For the entries below, copy exactly the line that contains "(Original Caption) 10/1/1939- Visalia, CA: Dr, F.H." through the line that contains "1.Check continuity between", both ends included, and exclude all pictures.
"""
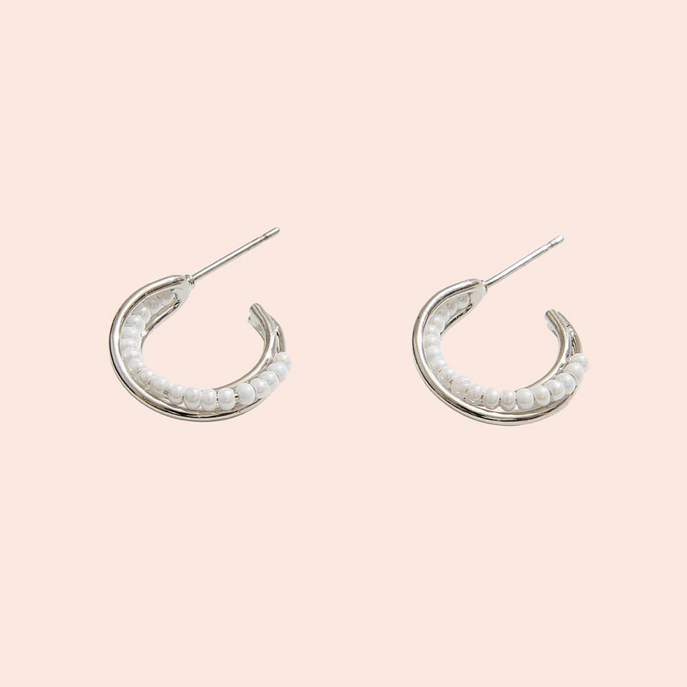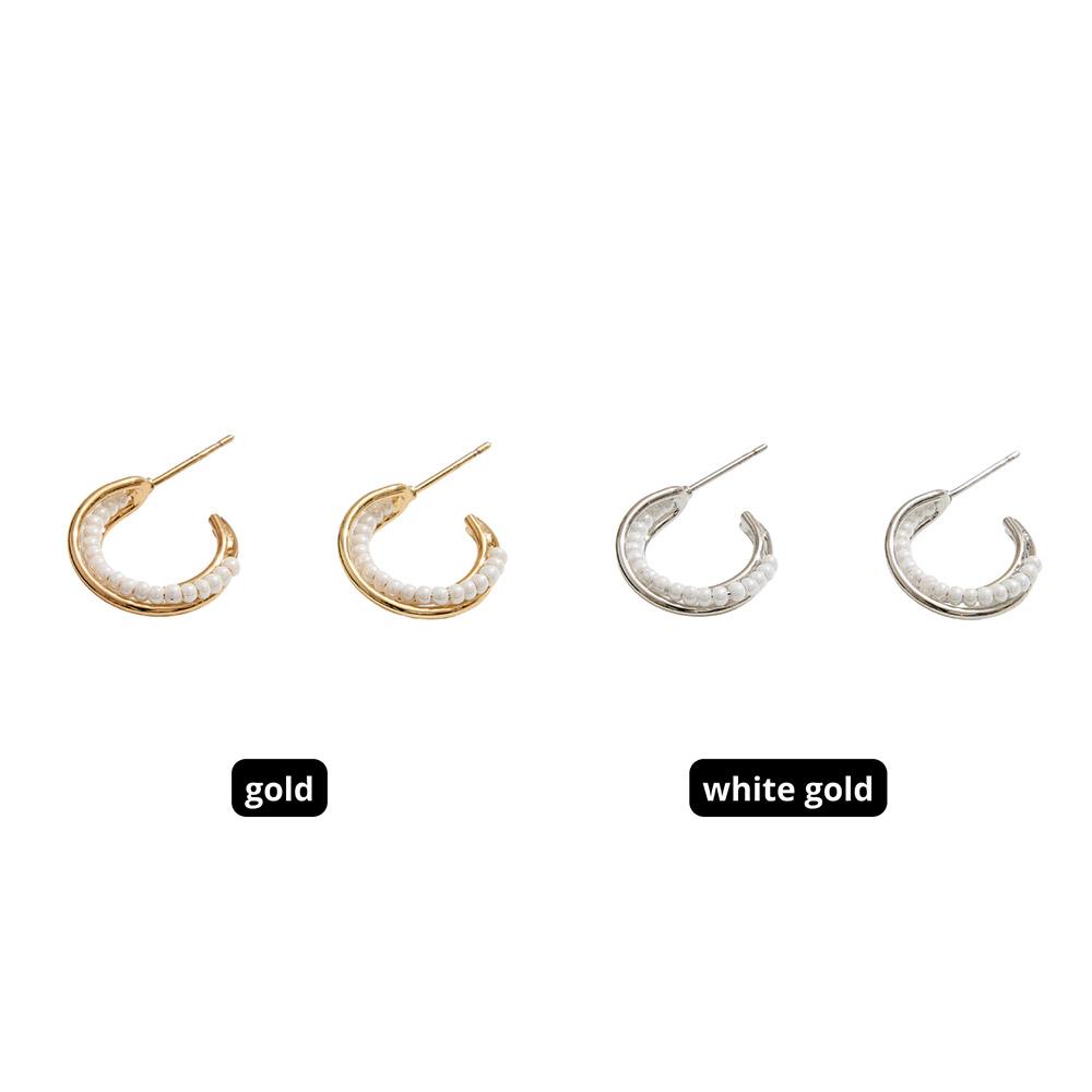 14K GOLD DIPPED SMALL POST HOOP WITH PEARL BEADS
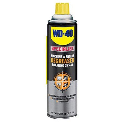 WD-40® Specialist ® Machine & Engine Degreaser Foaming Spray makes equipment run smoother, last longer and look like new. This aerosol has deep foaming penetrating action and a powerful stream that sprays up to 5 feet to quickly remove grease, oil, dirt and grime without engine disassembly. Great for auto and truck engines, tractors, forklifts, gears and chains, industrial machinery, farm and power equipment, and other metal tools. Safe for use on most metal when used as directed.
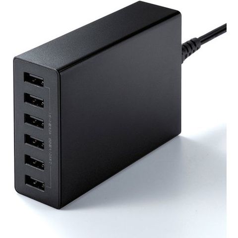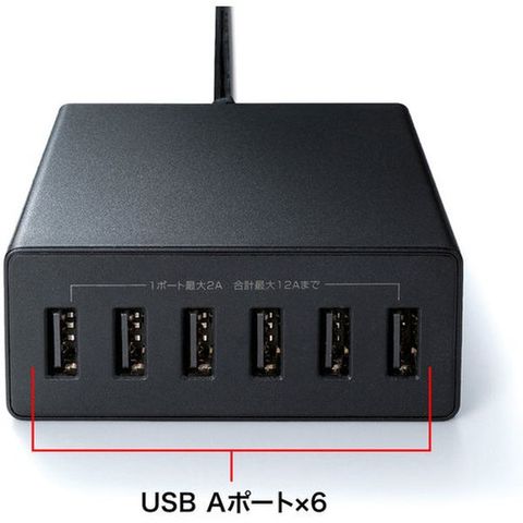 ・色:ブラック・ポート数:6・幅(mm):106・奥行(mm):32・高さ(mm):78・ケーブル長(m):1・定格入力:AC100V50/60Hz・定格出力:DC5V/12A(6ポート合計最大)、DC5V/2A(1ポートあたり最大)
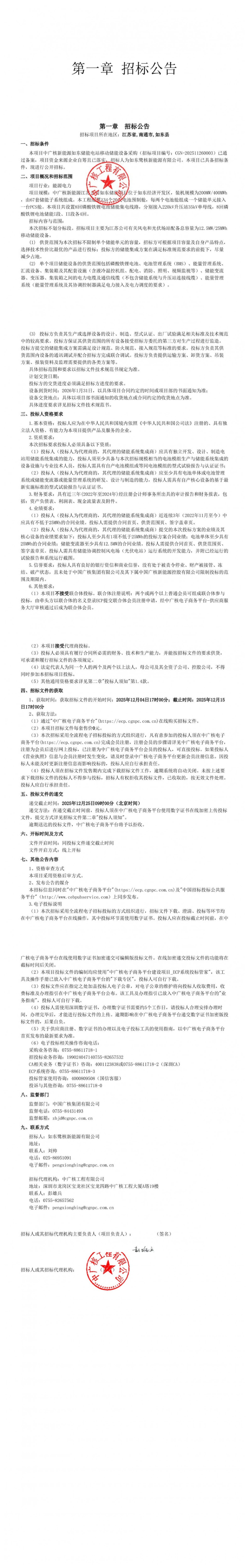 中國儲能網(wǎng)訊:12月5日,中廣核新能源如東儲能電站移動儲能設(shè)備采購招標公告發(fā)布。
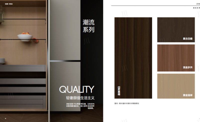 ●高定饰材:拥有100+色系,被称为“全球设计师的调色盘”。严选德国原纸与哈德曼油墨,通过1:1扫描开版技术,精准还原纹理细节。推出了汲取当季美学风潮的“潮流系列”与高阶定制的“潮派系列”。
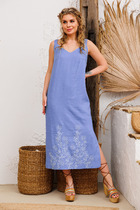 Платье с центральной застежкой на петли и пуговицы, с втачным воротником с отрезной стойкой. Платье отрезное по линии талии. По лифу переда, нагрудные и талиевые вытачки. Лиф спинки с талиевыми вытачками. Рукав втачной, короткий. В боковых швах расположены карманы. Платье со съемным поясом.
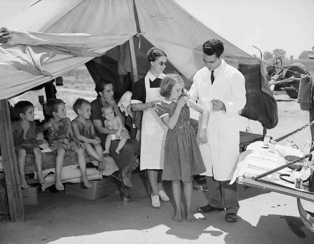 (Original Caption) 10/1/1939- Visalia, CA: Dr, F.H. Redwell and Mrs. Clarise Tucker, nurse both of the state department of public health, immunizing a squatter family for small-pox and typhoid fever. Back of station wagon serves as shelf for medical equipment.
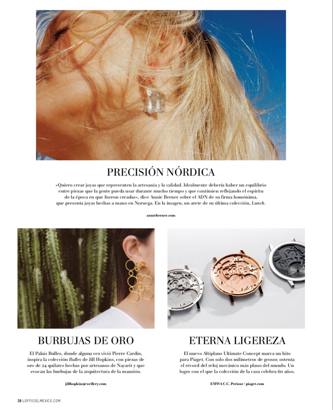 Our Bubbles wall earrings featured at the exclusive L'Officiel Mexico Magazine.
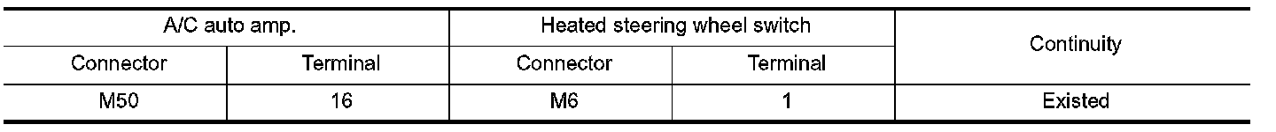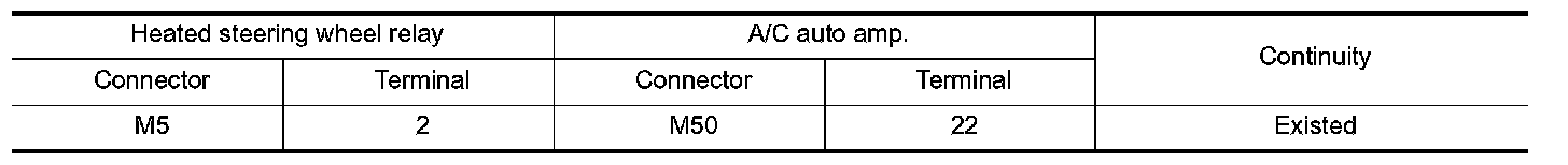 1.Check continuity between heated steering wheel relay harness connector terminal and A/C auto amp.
"""
"""
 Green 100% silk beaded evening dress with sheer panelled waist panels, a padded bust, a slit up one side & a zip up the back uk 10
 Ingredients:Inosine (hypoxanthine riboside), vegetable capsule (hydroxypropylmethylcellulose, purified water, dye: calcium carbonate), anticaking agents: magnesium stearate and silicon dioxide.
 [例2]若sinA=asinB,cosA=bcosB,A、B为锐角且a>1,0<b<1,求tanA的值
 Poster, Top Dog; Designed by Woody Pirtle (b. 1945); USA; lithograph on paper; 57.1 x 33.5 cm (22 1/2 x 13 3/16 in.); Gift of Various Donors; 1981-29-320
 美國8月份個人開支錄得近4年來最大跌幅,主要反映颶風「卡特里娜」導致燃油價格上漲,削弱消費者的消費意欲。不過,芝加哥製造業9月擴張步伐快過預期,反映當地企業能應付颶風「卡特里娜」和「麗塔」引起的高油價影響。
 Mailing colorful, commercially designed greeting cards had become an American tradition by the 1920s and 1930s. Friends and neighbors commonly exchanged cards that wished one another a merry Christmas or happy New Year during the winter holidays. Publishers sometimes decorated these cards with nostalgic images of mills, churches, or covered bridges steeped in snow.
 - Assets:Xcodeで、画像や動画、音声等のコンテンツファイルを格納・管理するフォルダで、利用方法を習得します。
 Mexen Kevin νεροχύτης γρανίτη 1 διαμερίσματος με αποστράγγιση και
"""
Response to this task:
 (Original Caption) 10/1/1939- Visalia, CA: Dr, F.H. Redwell and Mrs. Clarise Tucker, nurse both of the state department of public health, immunizing a squatter family for small-pox and typhoid fever. Back of station wagon serves as shelf for medical equipment.
 Our Bubbles wall earrings featured at the exclusive L'Officiel Mexico Magazine.
 1.Check continuity between heated steering wheel relay harness connector terminal and A/C auto amp.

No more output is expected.